⟨
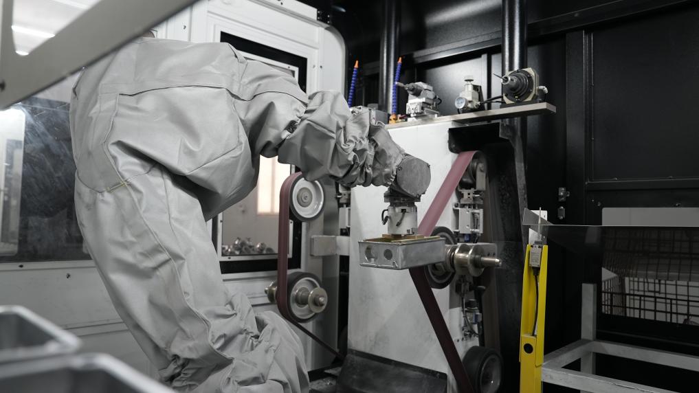 在位于湖南湘潭的普卡科技制造有限公司生产车间内,机器人正在打磨新能源汽车电机外壳。该企业是一家集模具设计、精密铸造、精密加工及表面处理于一体的专业铸件企业,也是当地新能源汽车产业链上的重要一环。
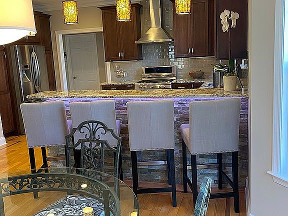 This gorgeous, recently updated, transitional-style, 4-bedroom, 2-1/2 bath home with an open floor plan is located in the highly desirable community, Snowy Owl Woods. The original owner maintains the manicured, corner property nestled against a natural preserve ravine. There are custom hardwood floors throughout and a wood staircase, with rod iron spindles, that warmly welcomes guests into the immaculate home. The kitchen is updated with custom soft-close cabinetry, upgraded granite countertops, and quality stainless steel appliances, including a Viking wine cooler. The large, master bedroom has a tray-ceiling with chandelier, a custom walk-in closet, custom window treatments, and a custom spa bath finished with light grey and white marble, European-style shower, high-end Italian fixtures, and stack stone wall with double-sided gas fireplace. The recently updated main bath also is custom designed. The home’s textured, custom, accent wall designs include: a pallet-style wall in the study/play room; stack stone walls on the breakfast bar, great room, and master bath; and grasscloth covering in the living room. The home’s 2 gas fireplaces are ideally located for the homeowner’s enjoyment: 1 in the great room, the other, a see-through fireplace, is warm and relaxing from both the master bedroom and master spa bath. Find refuge from life’s demands while listening to nature’s serenade dawn to well past dusk on the manicured property with breath-taking custom landscape and hardscape designs, including the entranceway, walkways, and large patio that is ideal for entertaining. Low-voltage, cast iron lighting throughout the property with tree-mounted lighting over the fire pit area for evening entertainment. Additional features and upgrades to the home include: 2nd floor laundry room; all bathrooms have top-flush, low-flow, high-end toilets; custom crown molding trim throughout most of the home; wood trim encasing all windows and doorways; custom window treatments, including Hunter Douglas Silhouette shades on most 1st floor windows; Plantation-style shutters on most 2nd floor windows; all front and side windows have UV protection; closet organizers throughout; in-home stereo speakers on the 1st floor; lawn’s sprinkler system with underground bed drip-irrigation; updated alarm and fire systems; newer Carrier high-efficiency HVAC system with WiFi thermostat; newer roof; Lutron light switches; holiday lighting package; sealed garage floor; and public water, sewer, and natural gas. All appliances as is, no warranty. TVs not included. One owner holds a NJ real estate license. House will remain on the market until all contingencies are satisfied. All offers must be accompanied with a pre-approval letter and proof-of-funds.Closing date, July 2021. By appointment only by calling Jeff @ 609. 381.7277.
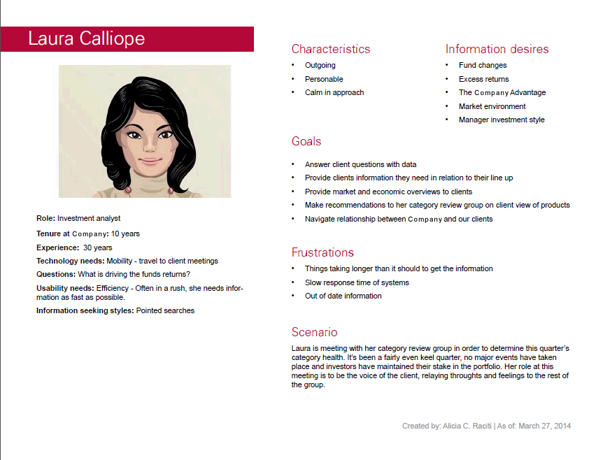 A documentation tool that humanizes a user by capturing their goals and needs.
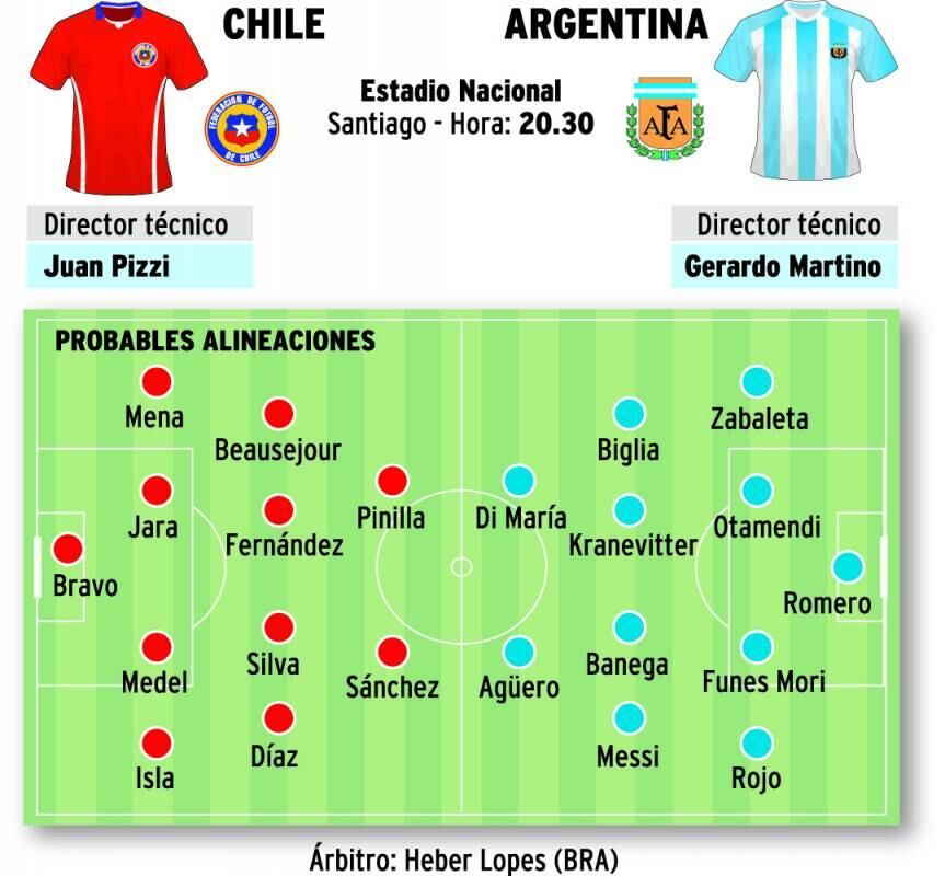 Por su parte, Chile que llega con el antecedente fresco de su primer título a nivel internacional en aquella final de julio del año pasado, se producirá el debut de Juan Antonio Pizzi, como DT.
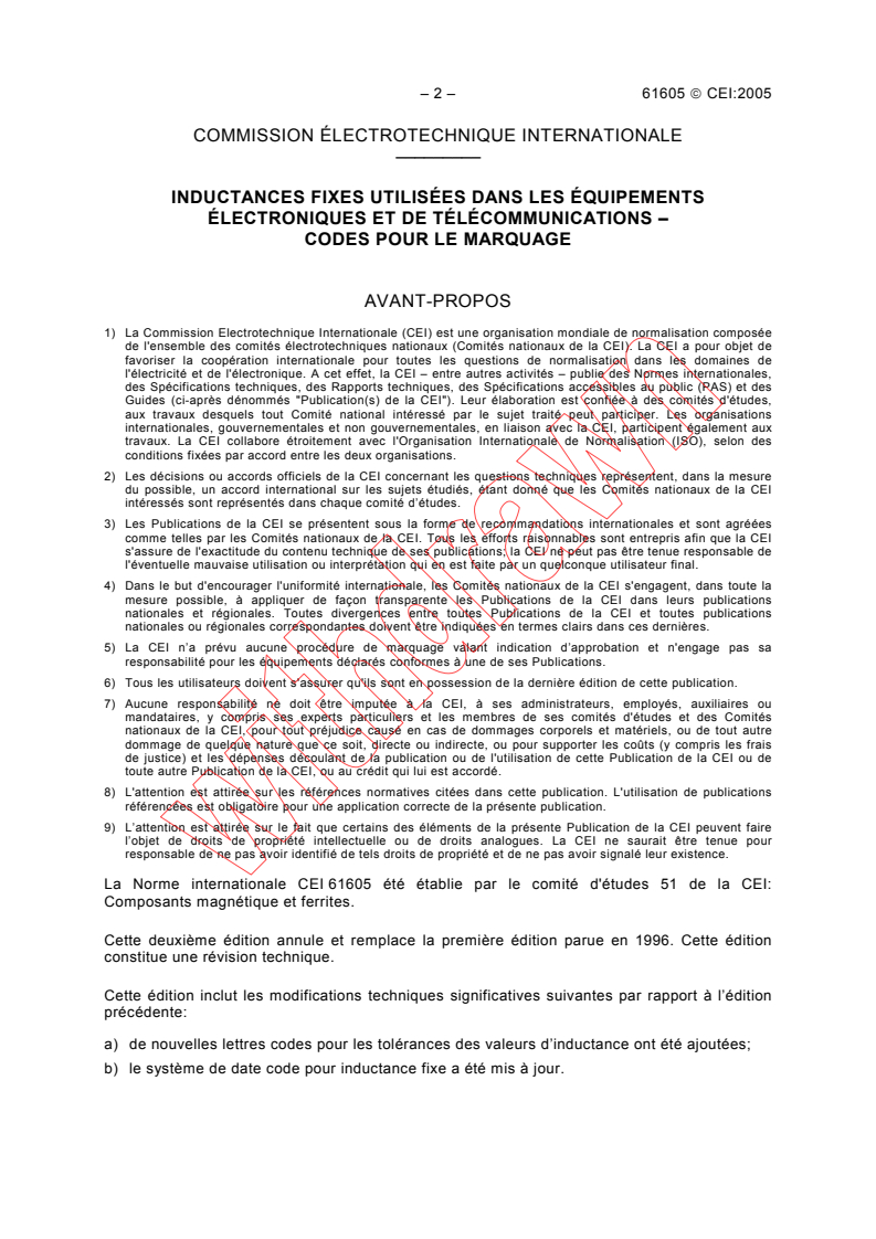 IEC 61605:2005 is a standard published by the International Electrotechnical Commission (IEC). Its full title is "Fixed inductors for use in electronic and telecommunication equipment - Marking codes". This standard covers: Specifies marking codes for fixed inductors. Covers the inductance values and their tolerances as well as dates.
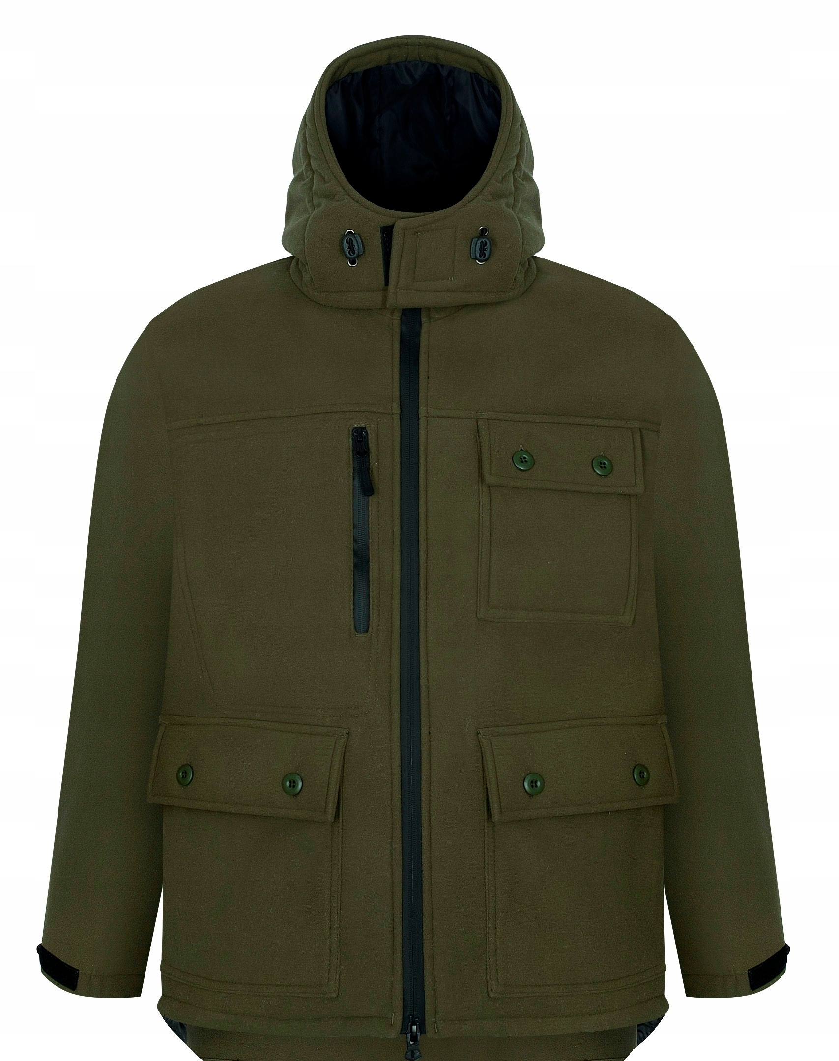 Два передних кармана с клапанами и пуговицами - дополнительно два боковых для рук, застегиваются на водонепроницаемые молнии.
⟩
Exactly as written, give again every line from the one containing "Por su parte, Chile" through the last line of the material, both included, with the pictures left out.

• **Solution to the exercise**
 Por su parte, Chile que llega con el antecedente fresco de su primer título a nivel internacional en aquella final de julio del año pasado, se producirá el debut de Juan Antonio Pizzi, como DT.
 IEC 61605:2005 is a standard published by the International Electrotechnical Commission (IEC). Its full title is "Fixed inductors for use in electronic and telecommunication equipment - Marking codes". This standard covers: Specifies marking codes for fixed inductors. Covers the inductance values and their tolerances as well as dates.
 Два передних кармана с клапанами и пуговицами - дополнительно два боковых для рук, застегиваются на водонепроницаемые молнии.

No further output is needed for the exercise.